I'm specifically referring to fact that we have this itch to create an object that mirrors our database tables.

For example, in a CRM system, we would be tempted to create a "customer" and a "task" and a "campaign" object… granted, I did create a database table for each of those, but why are we so tempted to also create an object.

I know, our rationale goes something like this: I need to retrieve the data from the database, and I don't want to duplicate that code every time I need a customer, so I will instantiate an object that will do that business.

Now let me bore you with the slippery slope that happens afterwards… you first create the object, and it is good. After a while, you need to retrieve more and more complex data associated with customer, and suddenly the performance goes to hell because to list all of the customer names takes an hour as it is gleefully calculating each customer's mortgage payments as well.
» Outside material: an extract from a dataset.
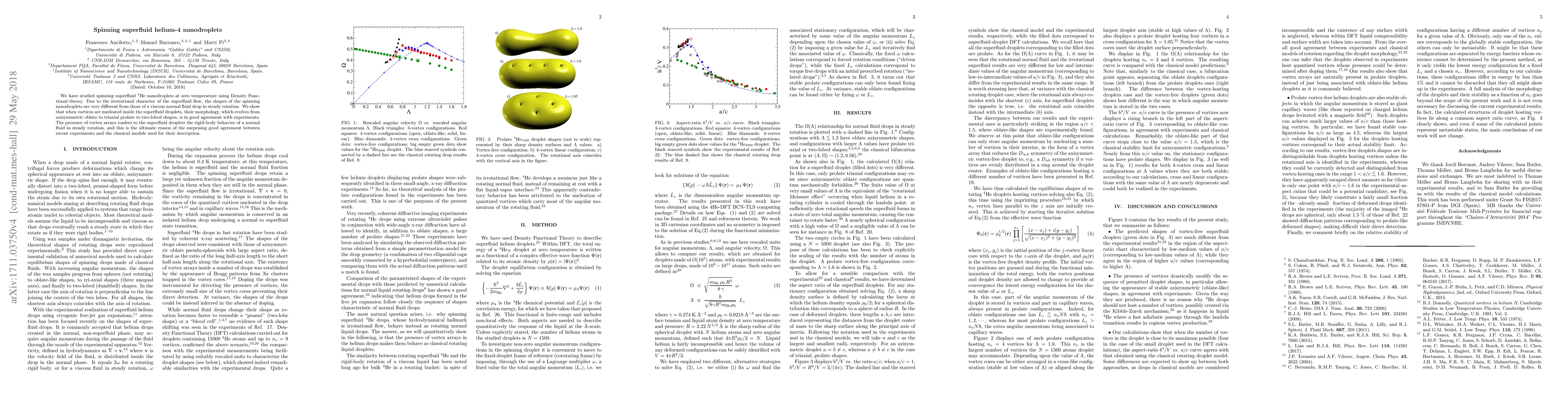Density Functional Theory (DFT) was used to study spinning superfluid helium-4 nanodroplets at zero temperature. The total energy of a 4HeN droplet was expressed as a functional of a complex effective wave function Ψ(r), related to its atomic density by ρ(r) = |Ψ(r)|². The droplet's equilibrium configuration was obtained by solving the equation H[ρ]Ψ(r) = µ4Ψ(r), where H[ρ] = -ħ²/2mHe∇² + δEc/δρ and Ec[ρ] is the correlation energy, taken from Ref.26.

Let me give you an example from my last project.

In my case, each customer could have zero or more "tasks", be associated with zero or more "campaigns" and had one registration event. Each of these, while stored in a different table, had a date associated with it, and in one particular "screen" (read: servlet), we wanted to display the names of the customers with the latest date associated with each customer from any of these tables.

Since I am grabbing a value that is related from three different tables (but doesn't have the same name), we need to perform an SQL union with the max date. In my case, I threw this into a temporary table and then joined it with the customer list. My point is not to get bogged down into the details, but to show to give you and idea of the amount of work required to get this "business data".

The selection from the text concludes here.